“Is this about the last of the squash?”

That’s the question Tom usually asks after the third dinner with squash.

I picked squash on Friday and was gone on Saturday and Sunday. When I went out to the garden Monday morning, I had a few zucchini the size of ball bats and at least one good-size squash on every plant.

Now there are only two of us, so I should only plant one or two plants, right? But I had to plant one for each color and then another in case a bug got the first one. So eight squash plants would be just right for two people.

So guess what? Lots of squash are coming from those plants. Every time I leave the house, I have a peach basket full to give away. I leave squash on porches, in mail boxes and hang bags of it on door knobs. I can only hope it’s welcome.

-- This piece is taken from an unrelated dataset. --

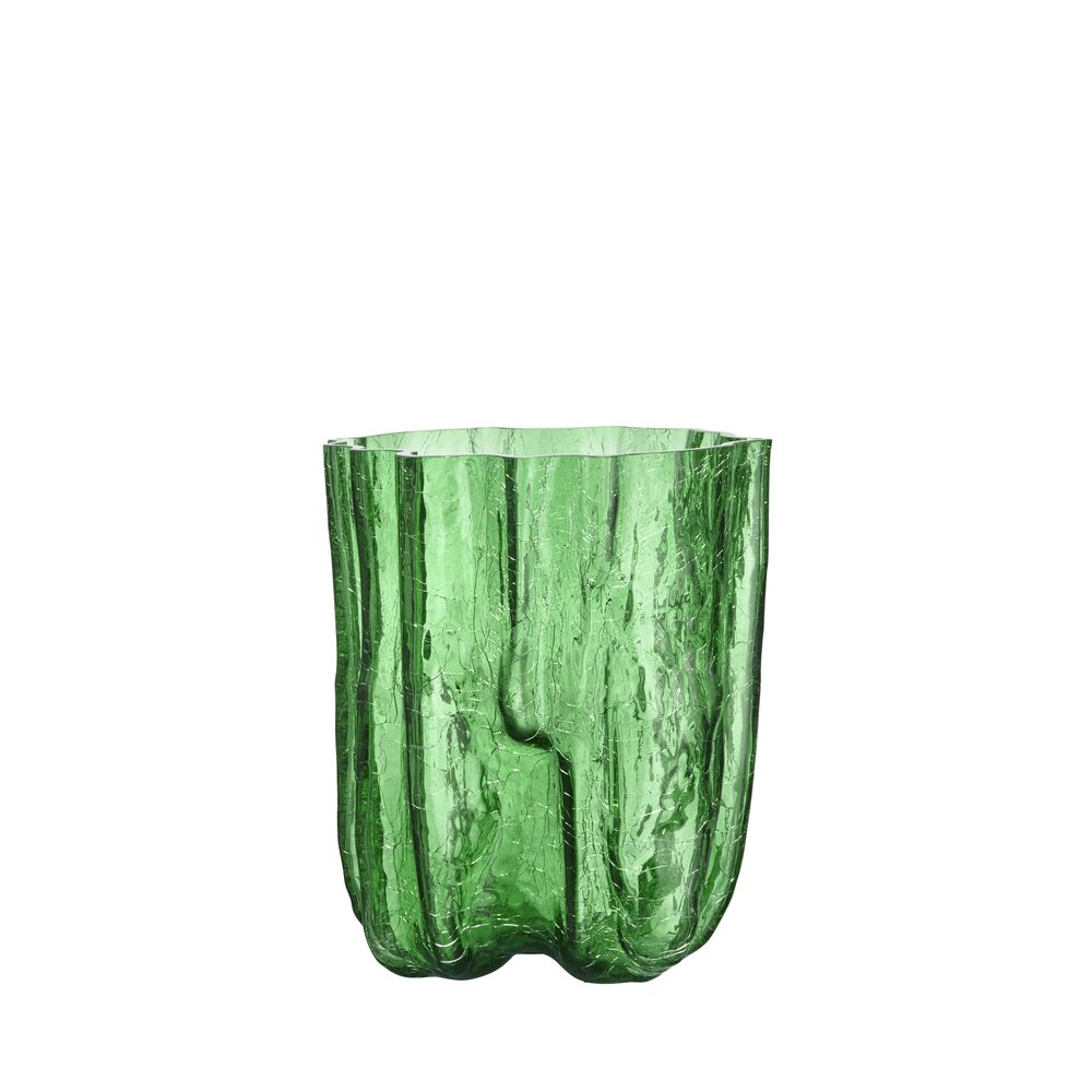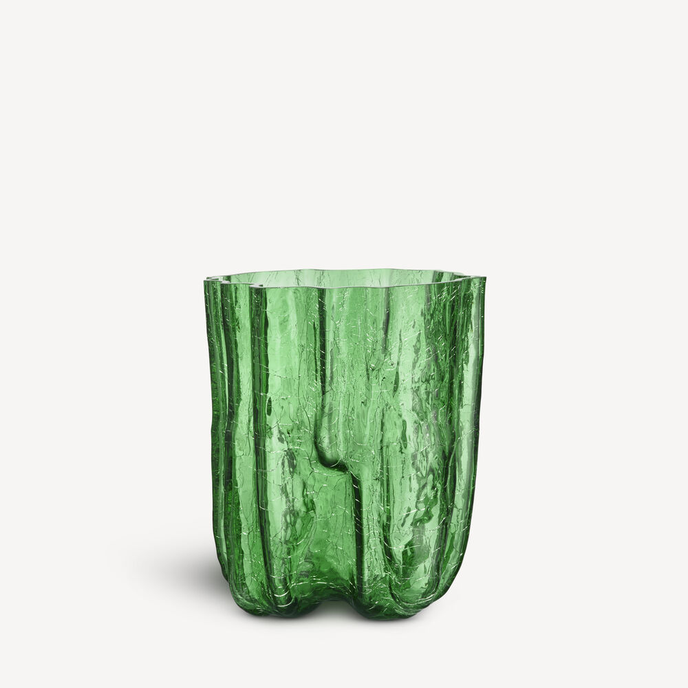 Knatring og torden – et magisk vidunder. Hos Kosta Boda undrer vi oss over vakkert bevarte sprekker i glass. Den grønne vasen fra Crackle-kolleksjonen har et uttrykksfullt, skulpturelt ytre laget med en gammel håndverksteknikk der det varme glasset dyppes i iskaldt vann. Den krakelerte overflaten reflekterer dagslyset og avslører historiene om ild, jord og vann. Vasen er munnblåst i Kosta og designet av Åsa Jungnelius.

I used to give my kids the extra-large squash along with plastic knives and spoons. I just told them to make art, and they were the best sculptors. They also used them for science experiments – a little vinegar and baking soda can turn a big zucchini into a volcano.

Now if squash get too big, I give them a hack with my little garden spade and fling them over the fence to the chickens. Even with all that, by Tuesday, I had a full basket in the kitchen and about the same amount waiting to be picked.

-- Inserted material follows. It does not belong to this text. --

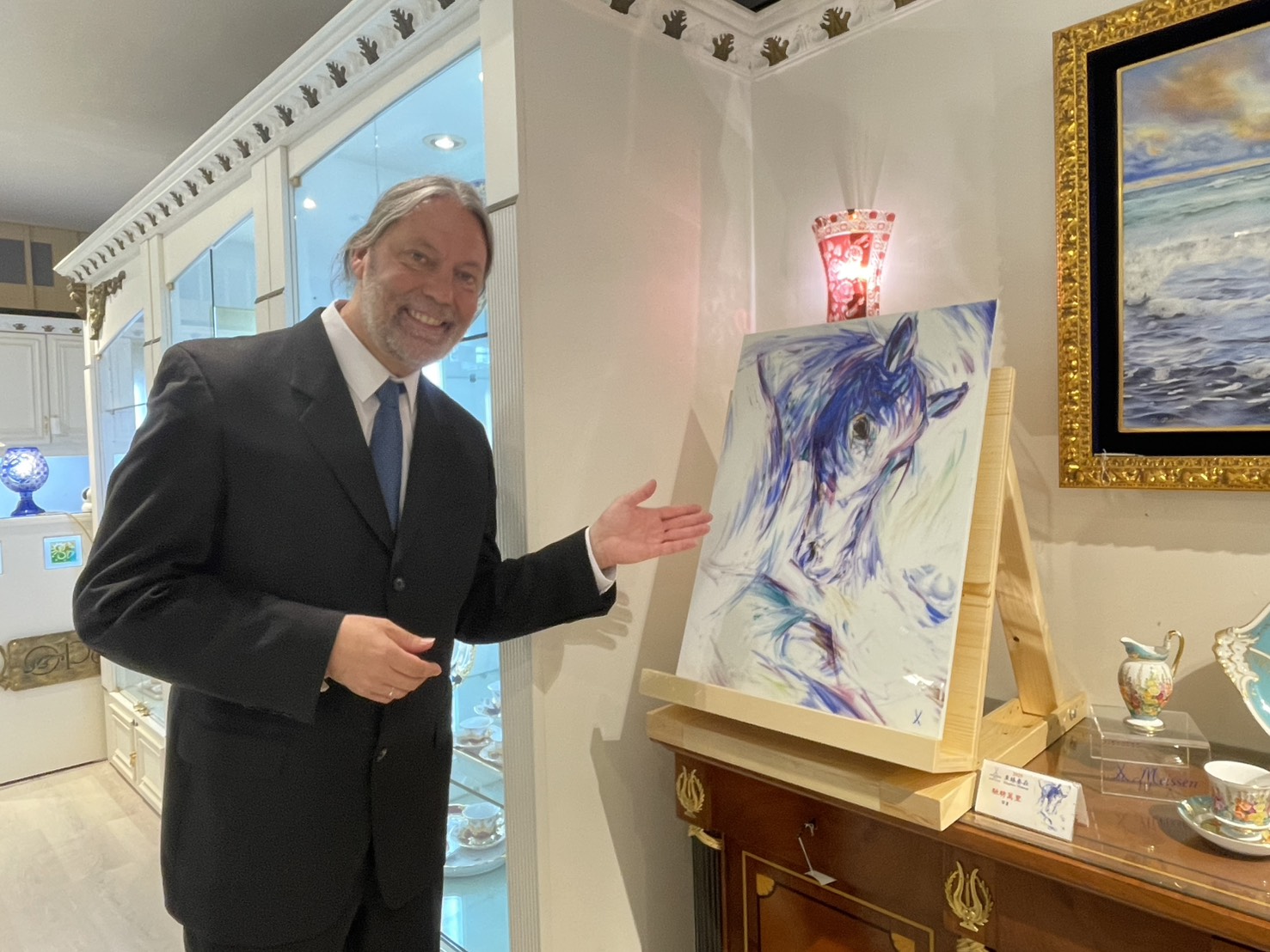 修茲大師於麥森服務逾40年,是全球少數專攻「瓷偶彩繪」的藝術家,其創作需在無支撐的立體瓷偶上進行360度手繪,每一筆都必須精準無誤,挑戰極高。此次來台特別展出《四大元素》中的「水神」與「火神」花瓶,另外兩件則留在台北,已有台南企業家表達高度興趣,預計收藏全套於企業總部中,作為企業文化與品味的象徵。

When I was growing up, we had yellow crookneck squash. While the squash were coming in, we had fried squash every day for lunch and supper. Sometimes Granny would make a casserole by cooking the squash, stirring in cream of something soup, putting fried onion rings on top and baking it. She only made that for carrying to church or if company was coming. Daddy was not about to eat it – he only ate fried squash. He preferred it fried with green onions and okra, and if I had my druthers, I’d have it that way also.

I guess I first heard of zucchini when I went to college. By then I was steaming every vegetable I could find in a pot with a collapsible steamer. You’d add a little salt and you had dinner. I was trying to be a vegetarian, despite an occasional lapse at the Town House.

I have several squash recipes, but my favorite is one I learned at an Appalachian Sustainable Agriculture Project workshop a couple of summers ago. A chef (I don’t remember his name) was telling us how to get children to eat squash and taught us to make an easy, fun dish. Here it is – with a few changes.

You’ll need squash, onion, garlic, olive oil, water, cooked rice and goat cheese.

Grate the squash (one small squash per person).

Put a couple of tablespoons of olive oil into a cast iron pan.

Cook the squash in the oil, adding a little water.

Add finely chopped onion (2 tablespoons per squash) and squeeze a garlic clove into the mix.

Stir until tender, and add leftover rice (short grain is my favorite).

Add a little more water to make it slightly soupy.

Drop in a big dollop of goat cheese.

Stir this all together – it’s sort of like a risotto.

I really like this squash stuff. If you put it in a casserole dish, you can take it to your covered-dish dinner. You can use up several squash this way.

Now the question is what to do with the rest – freeze it or make pickles and relish?